De acordo com os pesquisadores, o impacto ambiental negativo da poluição gerada pela indústria têxtil atravessa todos os estágios da cadeia produtiva e de descarte do setor. O algodão, por exemplo, uma das principais matérias-primas das roupas, é responsável pela maior produção agrícola não alimentícia do mundo. Cultivado pelo sistema de monocultura (grandes propriedades de terra destinadas ao cultivo de apenas uma espécie), as plantações de algodão utilizam substâncias tóxicas (pesticidas e fertilizantes) de forma ampla.

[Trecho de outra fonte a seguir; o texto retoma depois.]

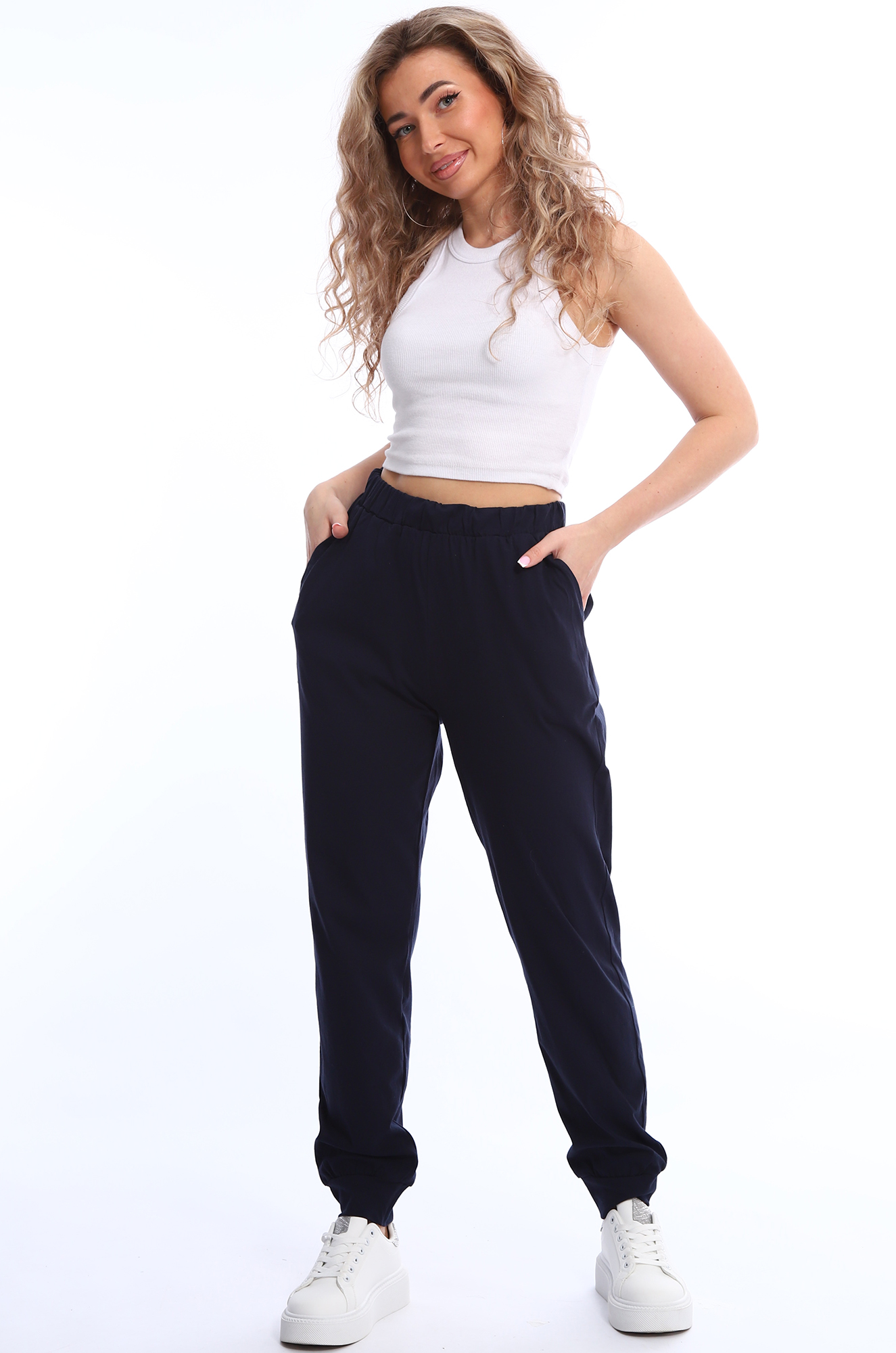 Однотонные хлопковые брючки с боковыми карманами, снизу на манжете, пояс на широкой резинке. Брюки комфортной посадки, отлично сидят на любой фигуре.

Como consequência, essas plantações intoxicam o solo, mananciais de água e comunidades inteiras.
Os danos ao meio ambiente não param na produção de matérias-primas. De acordo com a professora Francisca, há toneladas de tecidos que são descartadas antes mesmo do produto chegar às lojas, por exemplo, durante o processo de modelagem das roupas. “Esse é um dos resíduos de produção dos tecidos. Outros são das peças que não deram certo, que por algum motivo não ficaram boas e portanto não será possível vendê-las. Há também os pedaços de tecidos que vêm com defeitos; eles são cortados e não são utilizados para fazer peças de roupa”, explica a pesquisadora.
“Posteriormente nós temos um outro resíduo que é o pós-consumo, que são as peças prontas que não foram vendidas e não foram desejadas pelos consumidores. Elas ficam estocadas e como a moda é sazonal, você sempre está trazendo uma inovação, um novo produto de moda. Então, aquele produto fica obsoleto, os clientes não querem mais.”
“Dentro do sistema esse processo de obsolescência também foi acelerado com produções e coleções lançadas mensalmente ou até quinzenalmente. Esses produtos pós-consumo, quando não vendidos, são descartados de alguma forma e muitas vezes inadequadamente”, destaca Francisca.
Novas visões sobre a moda
Os projetos também permitem que os alunos do curso desenvolvam novas visões sobre a moda. Thayan Venturini, estudante de graduação do curso de moda e têxtil, conta que, em um primeiro momento, o uso de materiais sustentáveis começou a fazer parte das suas produções por conta da necessidade. Ex-bolsista de uma instituição de ensino superior, Thayan os utilizava para conseguir realizar as atividades de produção.
“Conforme fui vendo como funcionaria o curso, percebi que seria inviável comprar os tecidos e materiais para fazer os trabalhos, então o upcycling apareceu na minha vida dessa forma. Ainda assim, era muito gritante a minha realidade entre a Brasilândia e Perdizes e a questão do lixo começou a incomodar demais. Então procurei trabalhar com materiais mais inusitados como plásticos, pets, papel, tudo que fosse de fato reciclado e pudesse ser recriado para roupas, em um mix que fosse reciclagem de tecidos e de materiais não convencionais”, explica Thayan.
Ao conhecer o Sustexmoda, Thayan lembra que ficou deslumbrado, principalmente devido ao impacto dos projetos socioambientais. “Quando fiquei sabendo do projeto do Sustexmoda fiquei encantado, principalmente pela parte social. Quando a gente trabalha resgatando tecidos é muito bom, mas quando usamos o resgate aos tecidos para resgatar vidas é muito sensível, e vidas que seriam descartadas socialmente pontuando.”
Thayan também destaca que trabalhos como Botão de Flor e Ubuntu são essenciais para lembrar que pessoas trans, travestis e moradores de rua merecem reconhecimento. “Esse trabalho tão sensível me fez refletir sobre o potencial da moda com trabalho de autoestima para quem nunca tem sua própria dignidade preservada e acolhida.”